Considerations for Amazon EMR with Lake Formation

Consider the following when using Amazon EMR with Amazon Lake Formation.

  • Table-level access control is available on clusters with Amazon EMR releases 6.13 and higher.

  • Fine-grained access control at row, column, and cell level is available on clusters with Amazon EMR releases 6.15 and higher.

  • Users with access to a table can access all the properties of that table. If you have Lake Formation based access control on a table, review the table to make sure that the properties don't contain any sensitive data or information.

  • Amazon EMR clusters with Lake Formation don't support Spark's fallback to HDFS when Spark collects table statistics. This ordinarily helps optimize query performance.

  • Operations that support access controls based on Lake Formation with non-governed Apache Spark tables include INSERT INTO and INSERT OVERWRITE.

  • Operations that support access controls based on Lake Formation with Apache Spark and Apache Hive include SELECT, DESCRIBE, SHOW DATABASE, SHOW TABLE, SHOW COLUMN, and SHOW PARTITION.

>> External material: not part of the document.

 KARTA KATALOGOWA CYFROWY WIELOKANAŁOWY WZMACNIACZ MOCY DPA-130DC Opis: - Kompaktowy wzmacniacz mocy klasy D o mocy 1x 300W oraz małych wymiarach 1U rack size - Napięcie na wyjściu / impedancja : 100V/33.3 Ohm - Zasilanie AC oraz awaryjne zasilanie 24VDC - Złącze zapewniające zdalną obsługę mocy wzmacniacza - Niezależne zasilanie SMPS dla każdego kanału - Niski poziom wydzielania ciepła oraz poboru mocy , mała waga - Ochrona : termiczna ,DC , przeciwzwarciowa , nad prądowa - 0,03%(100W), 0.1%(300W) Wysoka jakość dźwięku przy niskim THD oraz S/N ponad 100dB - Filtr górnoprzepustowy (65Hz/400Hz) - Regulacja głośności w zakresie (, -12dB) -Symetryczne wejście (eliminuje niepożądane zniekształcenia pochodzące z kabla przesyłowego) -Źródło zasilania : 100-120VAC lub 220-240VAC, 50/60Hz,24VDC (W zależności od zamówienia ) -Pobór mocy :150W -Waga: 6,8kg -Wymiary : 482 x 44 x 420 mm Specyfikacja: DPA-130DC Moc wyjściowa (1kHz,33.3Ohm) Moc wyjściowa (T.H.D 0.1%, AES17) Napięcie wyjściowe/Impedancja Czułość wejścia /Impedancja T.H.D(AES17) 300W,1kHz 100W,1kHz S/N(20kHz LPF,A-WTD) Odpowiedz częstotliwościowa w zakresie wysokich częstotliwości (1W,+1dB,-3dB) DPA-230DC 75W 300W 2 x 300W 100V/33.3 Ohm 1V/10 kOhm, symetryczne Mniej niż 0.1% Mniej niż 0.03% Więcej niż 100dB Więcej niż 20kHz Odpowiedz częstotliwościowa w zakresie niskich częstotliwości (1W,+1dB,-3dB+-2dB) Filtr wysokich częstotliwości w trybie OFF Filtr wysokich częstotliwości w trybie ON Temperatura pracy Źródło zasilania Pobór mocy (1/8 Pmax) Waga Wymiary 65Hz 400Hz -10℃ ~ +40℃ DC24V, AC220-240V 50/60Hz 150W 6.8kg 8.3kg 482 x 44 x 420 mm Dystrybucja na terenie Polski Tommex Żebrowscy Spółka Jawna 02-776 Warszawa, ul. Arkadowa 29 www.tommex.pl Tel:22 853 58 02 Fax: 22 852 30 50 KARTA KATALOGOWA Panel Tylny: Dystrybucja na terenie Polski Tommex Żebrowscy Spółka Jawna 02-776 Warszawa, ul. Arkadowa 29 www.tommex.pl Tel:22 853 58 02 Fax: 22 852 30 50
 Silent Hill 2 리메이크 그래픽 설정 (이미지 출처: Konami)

  • Amazon EMR doesn't support access control to the following Lake Formation based operations:

    • Writes to governed tables

    • Amazon EMR doesn't support CREATE TABLE. Amazon EMR 6.10.0 and higher supports ALTER TABLE.

    • DML statements other than INSERT commands.

  • There are performance differences between the same query with and without Lake Formation based access control.